Beyond meeting regulatory requirements, firms are then able to view customer vulnerability as a catalyst for personalisation. This is where the real competitive advantage and commercial benefits can be unlocked – understanding all customer preferences and personalising products, service and support to serve customers better. Firms that have already made this leap are tapping into the opportunities offered by a more scalable and cost-effective solution.
The AI temptation: using Formula 1 car before learning to drive?
There is a new and increasingly prominent conversation happening across the industry: artificial intelligence as the solution to customer vulnerability management. If training is a horse, and digital customer vulnerability management is a car, then AI is being considered as a Formula 1 car – faster, smarter, more capable than anything that came before.
The temptation is understandable. AI tools are genuinely impressive. The possibility of identifying customers’ vulnerability signals from phone calls, behavioural patterns is a compelling proposition.

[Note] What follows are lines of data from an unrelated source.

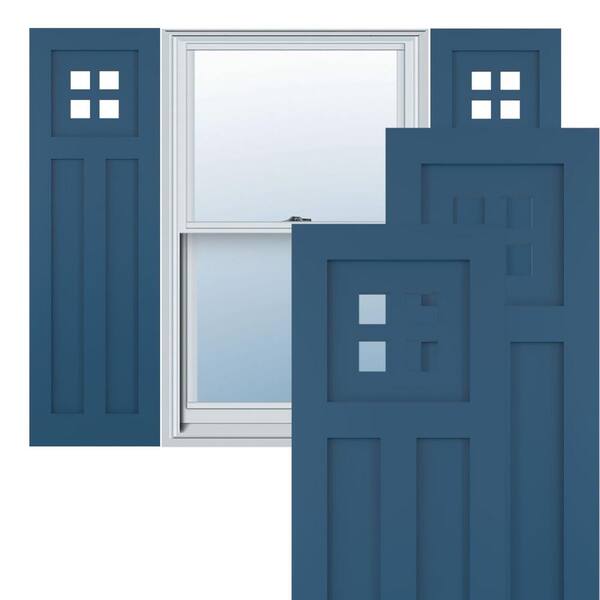 True Fit 15 in. x 26 in. Flat Panel PVC San Antonio Mission Style Fixed Mount Shutters, Sojourn Blue (Per Pair)
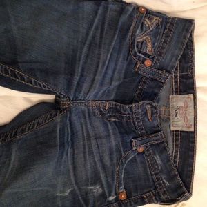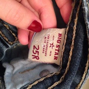 Big Star jeans, size 25R, just don't fit into them anymore. Some wear and tear at the bottoms as pictured but besides that lightly worn
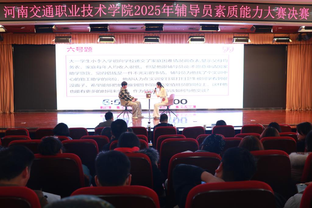大赛共设基础知识测试、案例研讨、谈心谈话三个环节,全面考察辅导员理论素养和业务知识掌握情况。48位辅导员参加笔试和案例研讨,12位成绩优异者晋级进入谈心谈话决赛环节。决赛现场,参赛选手们紧紧围绕辅导员工作“九大职责”与助演学生精准模拟日常学生工作中的各类场景。从学生成长诉求出发,找准问题根源,梳理谈话逻辑,循循善诱,化解矛盾,给予学生正确的思想引导,充分展现了辅导员丰富的实践经验与沟通引导能力,彰显了“立德树人”过程中“知心人、引路人”的责任担当。

But there is a prior question that this conversation is skipping: most firms have not yet moved from the horse to the car. They do not yet have consistent, structured, digital customer vulnerability data. They do not yet have the systematic identification processes that would generate the clean, reliable data that AI systems require to function well. Deploying AI on top of inconsistent manual processes does not solve the inconsistencies – it amplifies them, and does so in ways that are harder to audit and explain to a regulator.
The real irony is that AI’s clearest benefit is saving human time, yet much of the industry still depends on heavily manual methods to identify and manage customer vulnerability.
The firms that will benefit from AI-enabled vulnerability management in the future are the firms that build the right digital infrastructure and data now. The car has to come before the racing circuit.
What this means in practice
The way forward for firms is a move from training-led approaches to digital vulnerability management – with the sophisticated systems required to manage vulnerability models, capture consistent data, generate meaningful management information, and support Consumer Duty obligations at every level of governance.
That is not a small change. It requires investment, commitment, and organisational will. But the alternative – continuing to ask for a faster horse while the regulatory and competitive environment demands something categorically different – is increasingly untenable.
With digital systems already available across the market, the car is built and ready to go. The question for firms now is: when they are ready to drive it?